Meanwhile, the hydrogen molecules/hydrogen ions/hydrogen radicals
(H+/H*) species help remove the impurities and the high temperature
promotes grain regrowth, resulting in resistivity reduction.
[0018] With reference to FIG. 1, one or more embodiments of the
disclosure are directed to a method 100 of depositing a film. The
method illustrated in FIG. 1 is representative of a deposition
process to fill a feature, particularly a via, with a high melting
point metal, specifically ruthenium (Ru). FIGS. 2 through 5
illustrate cross-sectional view of a semiconductor device 200
according to one or more embodiments. The semiconductor device 200
can include any device having a conductive line, via, trench,
interconnect or other conductive structure or structures. Such
devices can include complementary metal oxide semiconductor (CMOS)
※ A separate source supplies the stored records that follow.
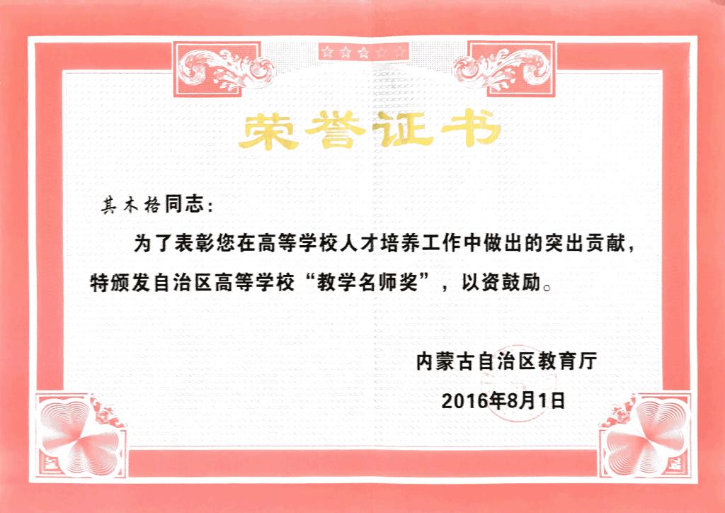 1. 围绕“四有”教师指向,注重团队建设。鸭脖“数学教学科研蒙汉双语教师团队”获批“全国高校黄大年式教师团队”;“数学分析系列课程蒙汉双语教学团队”、“微分方程系列课程教学团队”和“应用数学与大数据实验教学中心”入内蒙古高等学校教学团队和实验教学示范中心,起到了示范作用。现有国务院特殊津贴专家1人、自治区“教学名师”2人及“教坛新秀”1人,内蒙古高等教育学会数学教育分会理事长1人,中国少数民族教育学会数学教育专业委员会理事1人……。额尔敦布和等获内蒙古乌兰夫基金会奖励;《内蒙古日报》、《民族画报》报道阿拉坦仓事迹;网易新闻等报道鸭脖黄大年式教师团队。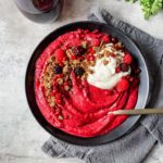 Combine 8 ounces of frozen blackberries, 6 ounces of fresh raspberries, 1 cup of fresh pomegranate arils and 1/2 cup of vanilla Greek yogurt in a blender or food processorÂ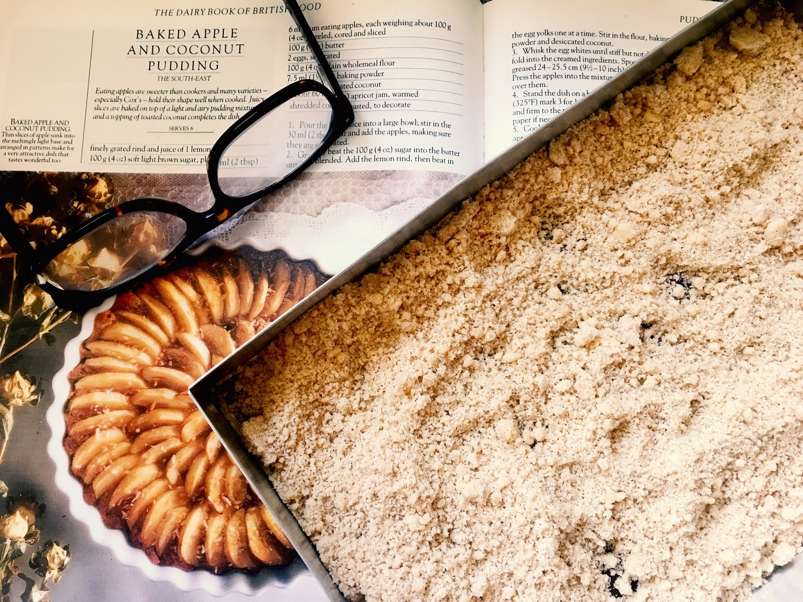Añadimos el azúcar glas y la canela, terminamos de integrar sin que la masa del crumble pierda ese aspecto de migas y disponemos sobre una bandeja de horno forrada con papel de hornear o teflón a 180º unos 20-30 minutos, o hasta que lo veamos doradito. De vez en cuando es conveniente abrir con cuidado el horno y mover un poco el crumble para que no se apelmace y quede suelto.
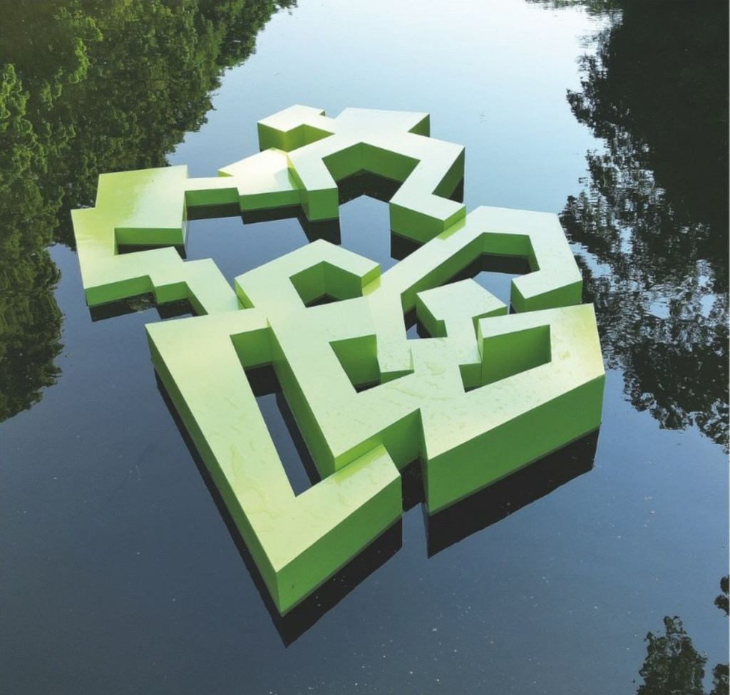 SOFEH bestaat uit 5 elementen die met elkaar zijn verbonden. Elk element, groen als eendenkroos, heeft zijn eigen vorm en dynamiek. Samen vormen ze een drijvend eiland.Het werk speelt met de paradox tussen volume en leegte. De ruimte tussen de vormen is geen leegte. Ze zijn beeldend net zo belangrijk als de elementen zelf. De subtiele hoogteverschillen zorgen voor een spel van vlakken die verspringen en lijnen die botsen. Wanneer het licht langs de zijkanten strijkt worden deze verspringingen intenser.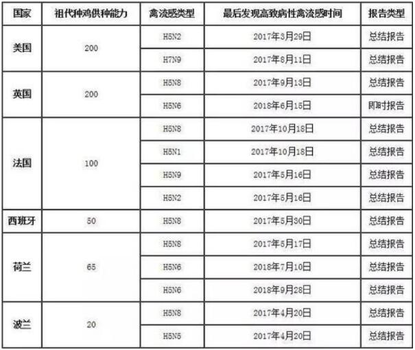 祖代種雞主要供種國(guó)高致病性禽流感現(xiàn)狀統(tǒng)計(jì)表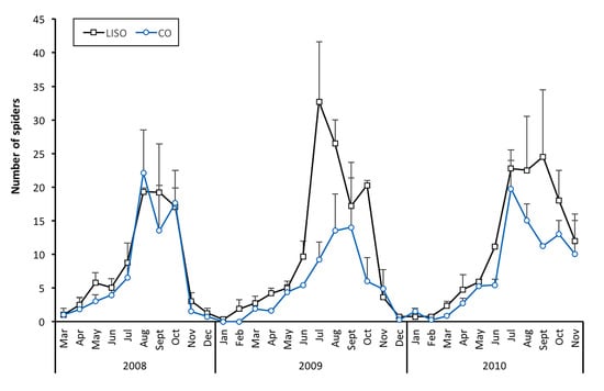 Monthly abundance (mean ± SE) of the number of spiders in the beating of 90 branches, collected throughout the period of study in orchards with two different intensity of spraying (LISO: low-intensity spraying orchards; CO: conventional orchards).

devices) or any other type of semiconductor device. The device 200
comprises a substrate 202 having one or more layers formed
thereon.
[0019] The substrate 202 can include any suitable substrate
structure, e.g., a bulk semiconductor a semiconductor-on-insulator
(SOI) substrate, etc. In one or more embodiments, the substrate 202
can include a silicon-containing material. Illustrative examples of
Si-containing materials suitable for the substrate 202 can include,
but are not limited to, silicon (Si), silicon germanium (SiGe),
silicon germanium carbide (SiGeC), silicon carbide (SiC) and
multi-layers thereof. Although silicon is the predominantly used
semiconductor material in wafer fabrication, alternative
semiconductor materials can be employed, such as, but not limited
to, germanium, gallium arsenide, gallium nitride, silicon
germanium, cadmium telluride, zinc selenide, and the like. In some
embodiments, the substrate 202 comprises a metallic material. In
one or more embodiments, the metallic material comprises one or
more of tungsten (W), ruthenium (Ru), copper (Cu), titanium (Ti),
gold (Au), silver (Ag), platinum (Pt), and the like, and alloys
thereof.
[0020] Referring to FIGS. 1 through 5, at operation 102, in one or
more embodiments, a dielectric material 204 on the substrate 202 is
optionally patterned and etched to form at least one dimensioned
feature 206, e.g. vias, trenches, and the like. In one or more
embodiments, the at least one feature 206 has at least one sidewall
208 and a feature bottom 208. These features can have small
dimensions (e.g., less than about 20 nm). In one or more
embodiments, the at least one feature 206, e.g. the at least one
via, has a critical dimension less than 30 nm, including less than
20 nm, and less than 15 nm. In some embodiments, the at least one
feature 206, e.g. the at least one via, has a critical dimension is
in a range of from 9 nm to 13 nm. In one or more embodiments, the
at least one feature 206, e.g. the at least one via, has an aspect
ratio in a range of from 4:1 to 10:1.
[0021] In other embodiments, a substrate 202 having at least one
feature thereon is provided. In some embodiments, the substrate 202
comprises a dielectric material 204. As used herein, the term
"dielectric material" refers to a layer of material that is an
electrical insulator that can be polarized in an electric field.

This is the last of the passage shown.